Landscape of genomic imbalances in CD-CRCs versus sporadic mucinous CRCs
To determine genome alterations that characterize CD-CRCs, we performed aCGH and sequence analysis of a panel of 563 cancer-related genes (Supplementary Table S1 for gene list). As control groups, we used histomorphologically similar sporadic mucinous adenocarcinomas, and the TCGA CRC dataset (15). The number of SCNAs per tumor tended to be higher in CD-CRCs compared with sporadic mucinous CRCs (P = 0.07; Mann–Whitney test; Fig. 1B), while the fraction of the genome subject to SCNAs was similar (P = 0.88; Mann–Whitney test; Fig. 1C). Array-CGH derived patterns of SCNAs in CD-CRC were similar to sporadic mucinous CRC and to previously published data on sporadic CRC, including gains of chromosomes and chromosome arms 7, 8q, 13q, and 20q, and losses of 5q, 8p, 17p, and 18q (10, 37). However, we observed a significant difference: gain of chromosome arm 5p occurred in 20 of 29 CD-CRCs (69%) compared with five of 24 (21%) sporadic mucinous CRCs (FDR adjusted P = 0.03; Fisher's exact test; Fig. 1D). In addition, a loss of 5p was never observed in CD-CRCs, in contrast to 2 of 24 (8.3%) sporadic mucinous CRCs. This is in line with TCGA data on intestinal type (n = 129) and mucinous (n = 15) CRCs that rarely showed a 5p copy-number gain (20 of 129, 16% and 1 of 15, 7%, respectively) or loss (10 of 129, 8% and 0 of 15, 0%, respectively; Supplementary Fig. S6). The gain of 5p in CD-CRCs was confirmed by interphase FISH on tumor sections (Fig. 1E; Supplementary Table S4), and by copy-number profiles derived from targeted sequencing data (Supplementary Fig. S7).
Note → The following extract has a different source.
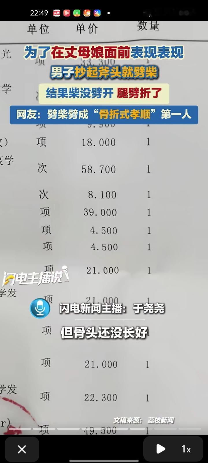近日,黄冈麻城市。男子去丈母娘家,想劈柴好好表现一番,结果打到自己的大腿上导致骨折,现在去医院住院,至今未完全康复。 当事人龚先生表示,当时也是想劈柴表现,自己没有劈柴经验,加之木柴未干透,在水泥地面操作且角度不当,去医院做检查后,打了石膏,目前骨折估计恢复正常,需要几个月,就开开车偶尔走下,拐杖、纱布都已经拆了,呼吁大家返乡不要胡乱图表现。

Landscape of somatic mutations in CD-CRCs versus sporadic mucinous CRCs
For sequencing data analysis, the applied Strelka and MuTect variant calling algorithms resulted in a total of 814 variant calls with a core fraction of 84% of concordant calls (Supplementary Fig. S8). The highest mutation counts were observed in the POLE-mutated CD-CRC (C21CA2) followed by MSI-H tumors (C20 and C28; Supplementary Fig. S9A). Those samples with the highest mutation counts had the lowest amount of SCNAs (Supplementary Fig. S9B and S9C). The base substitution patterns in CD-CRCs and sporadic mucinous CRCs were very similar (Supplementary Fig. S9D) and typical for colonic tissue (38). Somatic mutations in CD-CRCs involved genes known to be significantly altered in CRC; however, mutation frequencies were different compared with sporadic mucinous CRC (Fig. 2A): TP53 (76% in CD-CRCs vs. 33% in sporadic mucinous CRCs), KRAS (24% vs. 50%), APC (17% vs. 75%), and SMAD3 (3% vs. 29%). While TP53 missense mutations showed a strongly increased nuclear positivity for TP53 compared to the wild-type staining pattern, a TP53 truncating mutation was associated with a complete absence of staining (Fig. 2B). Both in CD-CRCs and sporadic mucinous CRCs, the majority of TP53 mutations occurred as missense mutations, located predominantly in the DNA binding domain of the protein (Supplementary Fig. S10). Mutations in KRAS, the second most commonly mutated gene in both CRC entities, occurred exclusively as missense mutations and involved the known mutation hotspots, independent of CRC etiology (Supplementary Fig. S11). In contrast to TP53 and KRAS mutations, APC mutations in both CD-CRC and sporadic mucinous CRC were truncating mutations. While the distribution of APC mutations in sporadic mucinous CRCs reflected the distribution expected from TCGA data on sporadic CRC and involved high-frequency mutations according to the COSMIC database, the few APC mutations detected in CD-CRCs were primarily located at positions infrequently mutated in sporadic CRC, which was reflected by the reported low frequency of these mutations in COSMIC (Supplementary Fig. S12). In summary, CD-CRCs demonstrated major mutational differences compared to sporadic CRCs including TCGA CRC data (Table 2). Of note is the high frequency of TP53 mutations in inflammation-associated CRCs compared with sporadic intestinal type CRCs and in particular compared with sporadic mucinous CRCs.
Altered pathways in CD-CRC versus sporadic mucinous CRC
To better understand the consequences of mutations and how pathways were altered in CD-CRCs compared with sporadic mucinous CRC, we integrated mutation and copy-number data to analyze alterations in WNT, TGF-β, PI3K, RTK-RAS, and TP53 signaling pathways (Fig. 3; Supplementary Figs. S13 and S14). While genetic alterations in the TP53 signaling pathway were predominant in CD-CRCs, WNT, TGFβ and, although to a lesser degree, RTK/RAS signaling was more often affected in sporadic mucinous CRC.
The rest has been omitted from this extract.